Case Study 1 — Backpropagation: The Chain Rule Trains the World
Field: Machine learning / data science Calculus used: Chain rule (Section 7.6), product rule, the sigmoid derivative Forward reference: Chapter 30 (the multivariable gradient and gradient descent)
The Problem That Built Modern AI
Every large language model, every image classifier, every recommendation engine you have ever used was trained by the same procedure: adjust millions or billions of internal numbers, called weights, until the model's predictions match the data. The question that stalled artificial intelligence for two decades was deceptively simple — in which direction, and by how much, should each weight be nudged?
The answer is a derivative. If $L$ is a loss measuring how wrong the model currently is, and $w$ is one weight, then $\partial L / \partial w$ tells you exactly how the error responds to a tiny change in that weight. Nudge each weight a small step against its derivative — this is gradient descent, the anchor example introduced in Chapter 6 — and the loss goes down. Repeat a few million times and the network learns.
The obstacle is scale. A modern network has hundreds of billions of weights, and the loss depends on each one only indirectly, filtered through layer after layer of intervening computation. Computing one derivative from the limit definition would be hopeless; computing a billion of them, unthinkable.
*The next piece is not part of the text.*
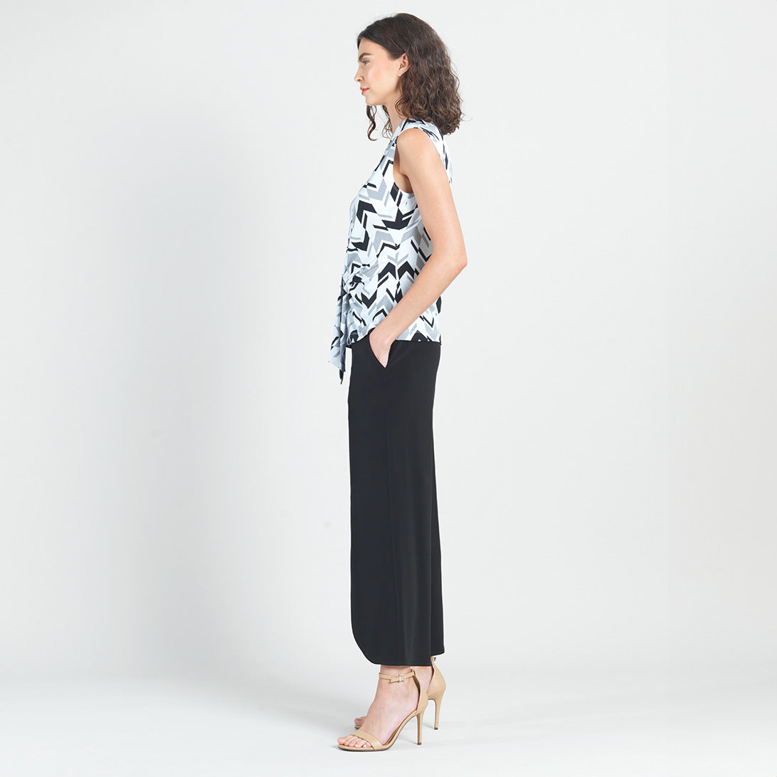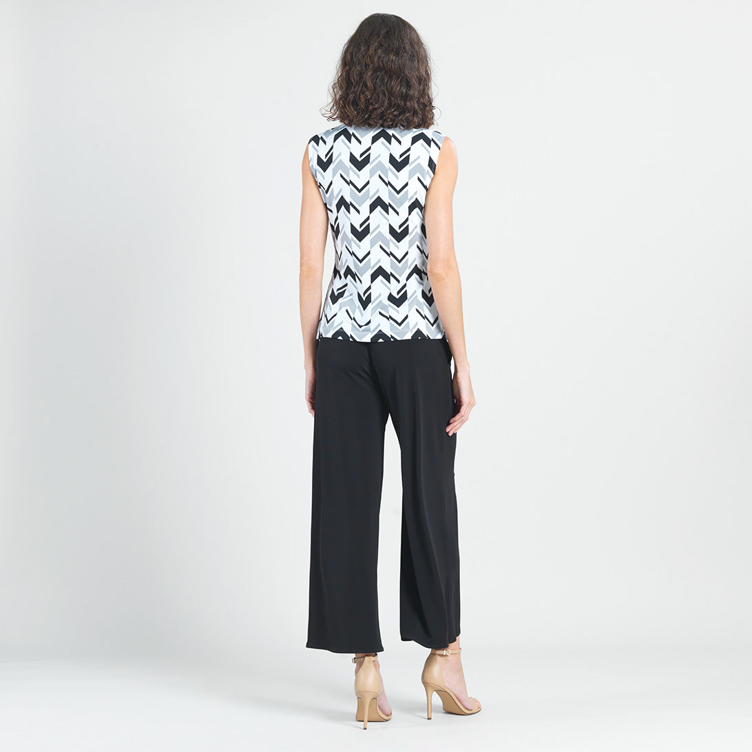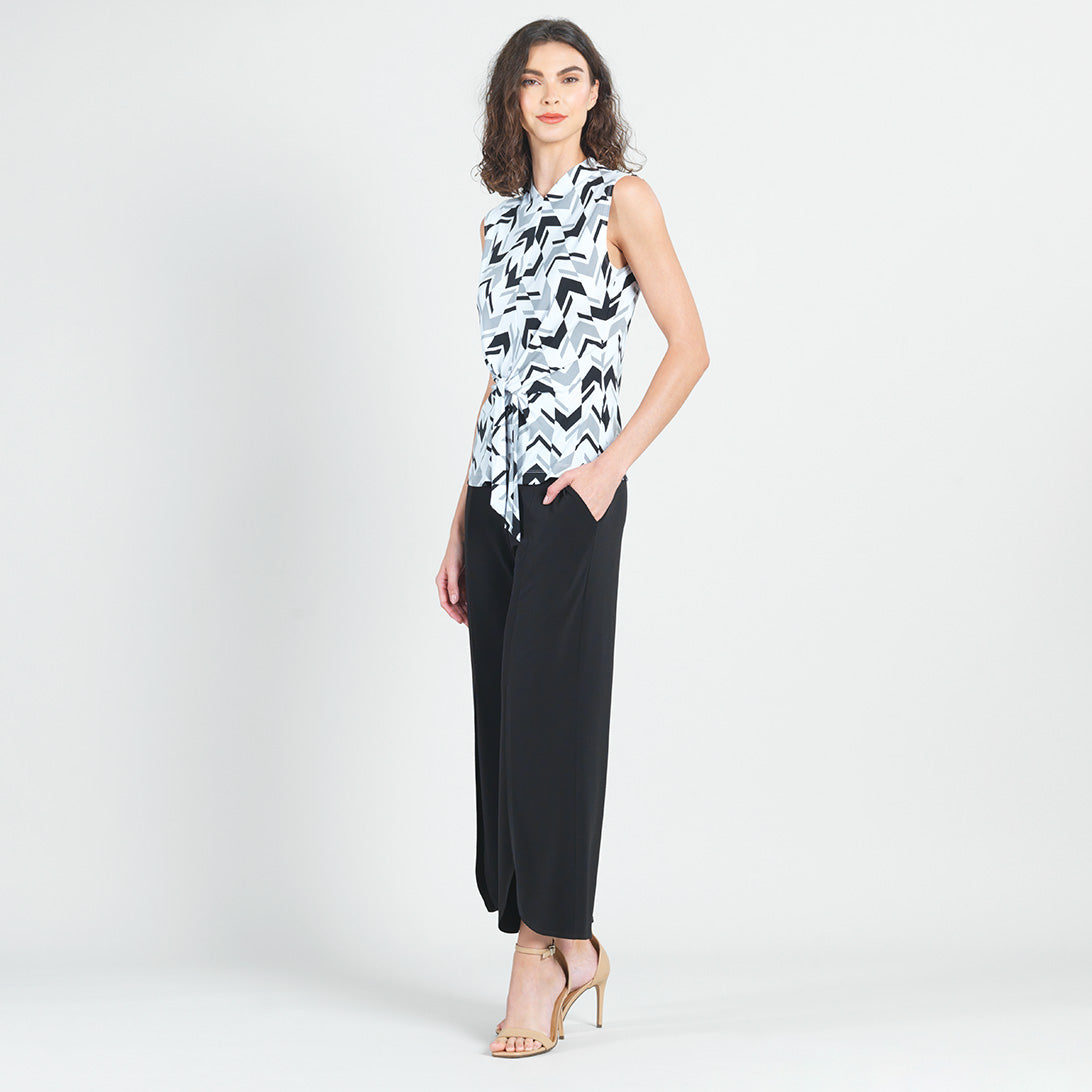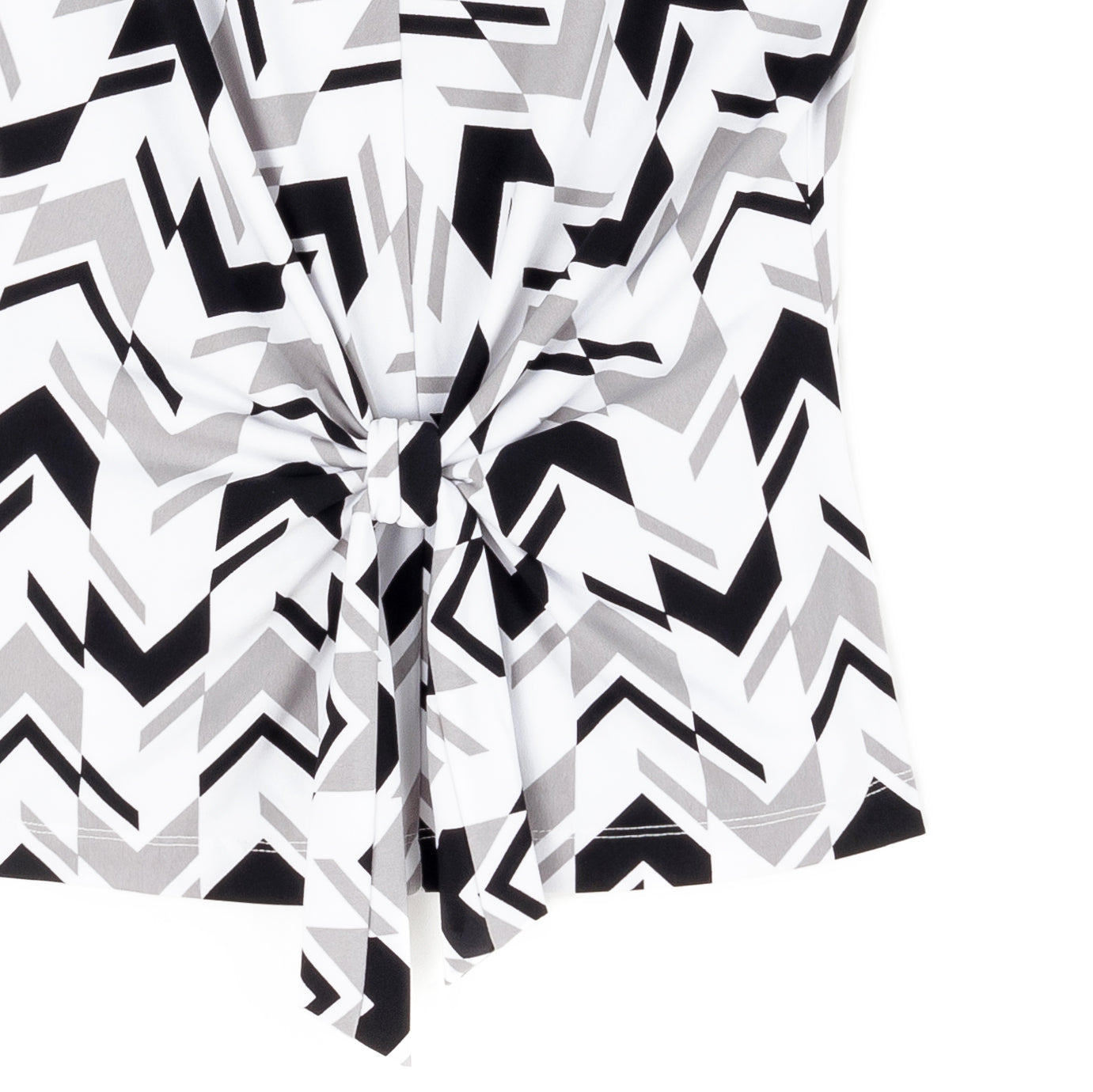 Don’t pass up our Chevron Stripe Sleeveless Center Front Tie Top… you’ve earned it! This flattering sleeveless top features a v-bottle neckline, a vertical neck-to-hem center seam, and a front-center waist tie that creates a beautiful draped effect that accentuates your natural figure. A graphic print, comprised of scattered chevron shapes in a stripe-like formation, in shades of black and cool-toned grey, against a white background. ♥ Each piece is a unique, one-of-a-kind print and print placement will vary. Carefree Travel Fabric – Soft Silky Knit Our signature poly blend fibers offer luxurious softness with lightweight, wrinkle-free comfort. This easy-care fabric is quick drying and cooler than linen or cotton, making it perfect for on-the-go wear.Wrinkle Free Travel Friendly Ultra Lightweight Soft Knit Fabric Breathable Jersey-Like Feel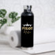 Simple, modern ‘PILOT’ Typography in gold font color on a black background, making this an elegant looking water bottle. The text and airplane image color can all be customized. Add your Pilot's name for that personal touch.

The breakthrough — backpropagation, popularized by Rumelhart, Hinton, and Williams in 1986 — is the realization that this mountain of derivatives is nothing more than the chain rule of Section 7.6, applied systematically and with all the shared work reused. This case study builds the entire idea from a network you can differentiate by hand.
A Network Small Enough to Hold in Your Head
Strip a neural network down to its skeleton: one input $x$, one hidden neuron, one output. The forward pass — how the network turns an input into a prediction — is a short composition of functions:
$$h = w_1 x + b_1 \qquad \text{(a linear combination)}$$ $$a = \sigma(h) \qquad \text{(a nonlinear "activation")}$$ $$\hat{y} = w_2\, a + b_2 \qquad \text{(another linear combination)}$$
Here $\sigma(z) = \dfrac{1}{1 + e^{-z}}$ is the sigmoid, the smooth S-shaped squashing function we met in the Chapter 2 case study. The four numbers $w_1, b_1, w_2, b_2$ are the weights to be learned. Read the three lines as a single composite function:
$$\hat{y}(x) = w_2\,\sigma(w_1 x + b_1) + b_2.$$
That nesting — a linear function inside $\sigma$ inside another linear function — is exactly the composite structure the chain rule was built for. A deep network just stacks more of these layers; the principle does not change.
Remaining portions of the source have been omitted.